The server listened on tcp 9000 port, the client connected to it, they
completed the 3-way handshake.
On server side, we can find below nstat output::
nstatuser@nstat-b:~$ nstat | grep -i tcp
TcpPassiveOpens 1 0.0
TcpInSegs 2 0.0
TcpOutSegs 1 0.0
TcpExtTCPPureAcks 1 0.0
On client side, we can find below nstat output::
nstatuser@nstat-a:~$ nstat | grep -i tcp
TcpActiveOpens 1 0.0
TcpInSegs 1 0.0
TcpOutSegs 2 0.0
When the server received the first SYN, it replied a SYN+ACK, and came into
SYN-RCVD state, so TcpPassiveOpens increased 1. The server received
SYN, sent SYN+ACK, received ACK, so server sent 1 packet, received 2
packets, TcpInSegs increased 2, TcpOutSegs increased 1. The last ACK
of the 3-way handshake is a pure ACK without data, so
TcpExtTCPPureAcks increased 1.
When the client sent SYN, the client came into the SYN-SENT state, so
TcpActiveOpens increased 1, the client sent SYN, received SYN+ACK, sent
ACK, so client sent 2 packets, received 1 packet, TcpInSegs increased
1, TcpOutSegs increased 2.
TCP normal traffic
-----------------
Run nc on server::
nstatuser@nstat-b:~$ nc -lkv 0.0.0.0 9000
Listening on [0.0.0.0] (family 0, port 9000)
Run nc on client::
nstatuser@nstat-a:~$ nc -v nstat-b 9000
Connection to nstat-b 9000 port [tcp/*] succeeded!

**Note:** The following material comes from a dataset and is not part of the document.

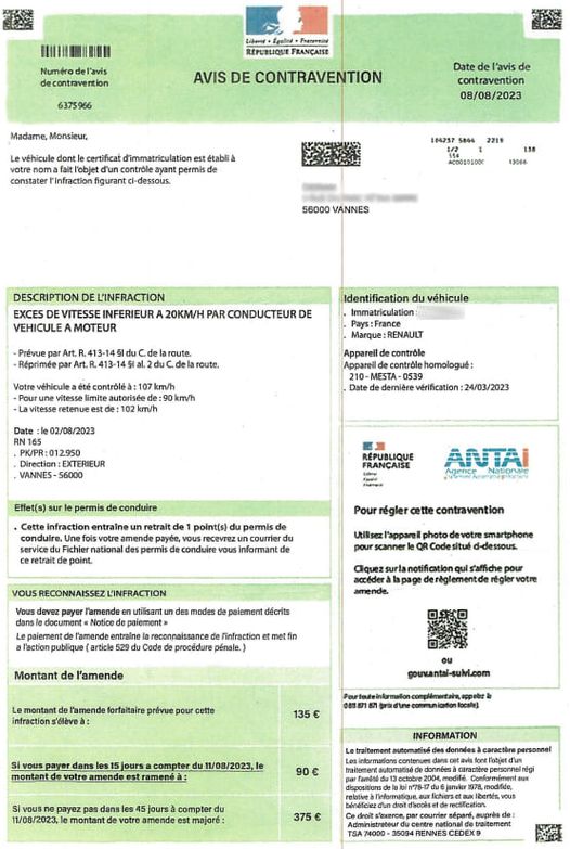 Le numéro d’immatriculation mentionné sur l’avis correspond au véhicule de la personne visée, dont l’adresse est mentionnée en en-tête. La marque de la voiture est également mentionné, mais pas le modèle, contrairement à l’officiel.

Input a string in the nc client ('hello' in our example)::
nstatuser@nstat-a:~$ nc -v nstat-b 9000
Connection to nstat-b 9000 port [tcp/*] succeeded!
hello
The client side nstat output::
nstatuser@nstat-a:~$ nstat
#kernel
IpInReceives 1 0.0
IpInDelivers 1 0.0
IpOutRequests 1 0.0
TcpInSegs 1 0.0
TcpOutSegs 1 0.0
TcpExtTCPPureAcks 1 0.0
TcpExtTCPOrigDataSent 1 0.0
IpExtInOctets 52 0.0
IpExtOutOctets 58 0.0
IpExtInNoECTPkts 1 0.0
The server side nstat output::
nstatuser@nstat-b:~$ nstat
#kernel
IpInReceives 1 0.0
IpInDelivers 1 0.0
IpOutRequests 1 0.0
TcpInSegs 1 0.0
TcpOutSegs 1 0.0
IpExtInOctets 58 0.0
IpExtOutOctets 52 0.0
IpExtInNoECTPkts 1 0.0
Input a string in nc client side again ('world' in our exmaple)::
nstatuser@nstat-a:~$ nc -v nstat-b 9000
Connection to nstat-b 9000 port [tcp/*] succeeded!
hello
world
Client side nstat output::
nstatuser@nstat-a:~$ nstat
#kernel
IpInReceives 1 0.0
IpInDelivers 1 0.0
IpOutRequests 1 0.0
TcpInSegs 1 0.0
TcpOutSegs 1 0.0
TcpExtTCPHPAcks 1 0.0
TcpExtTCPOrigDataSent 1 0.0
IpExtInOctets 52 0.0
IpExtOutOctets 58 0.0
IpExtInNoECTPkts 1 0.0
Server side nstat output::
nstatuser@nstat-b:~$ nstat
#kernel
IpInReceives 1 0.0
IpInDelivers 1 0.0
IpOutRequests 1 0.0
TcpInSegs 1 0.0
TcpOutSegs 1 0.0
TcpExtTCPHPHits 1 0.0
IpExtInOctets 58 0.0
IpExtOutOctets 52 0.0
IpExtInNoECTPkts 1 0.0
Compare the first client-side nstat and the second client-side nstat,
we could find one difference: the first one had a 'TcpExtTCPPureAcks',
but the second one had a 'TcpExtTCPHPAcks'. The first server-side
nstat and the second server-side nstat had a difference too: the
second server-side nstat had a TcpExtTCPHPHits, but the first
server-side nstat didn't have it. The network traffic patterns were
exactly the same: the client sent a packet to the server, the server
replied an ACK. But kernel handled them in different ways. When the
TCP window scale option is not used, kernel will try to enable fast
path immediately when the connection comes into the established state,
but if the TCP window scale option is used, kernel will disable the
fast path at first, and try to enable it after kerenl receives
packets. We could use the 'ss' command to verify whether the window
scale option is used. e.g. run below command on either server or
client::
nstatuser@nstat-a:~$ ss -o state established -i '( dport = :9000 or sport = :9000 )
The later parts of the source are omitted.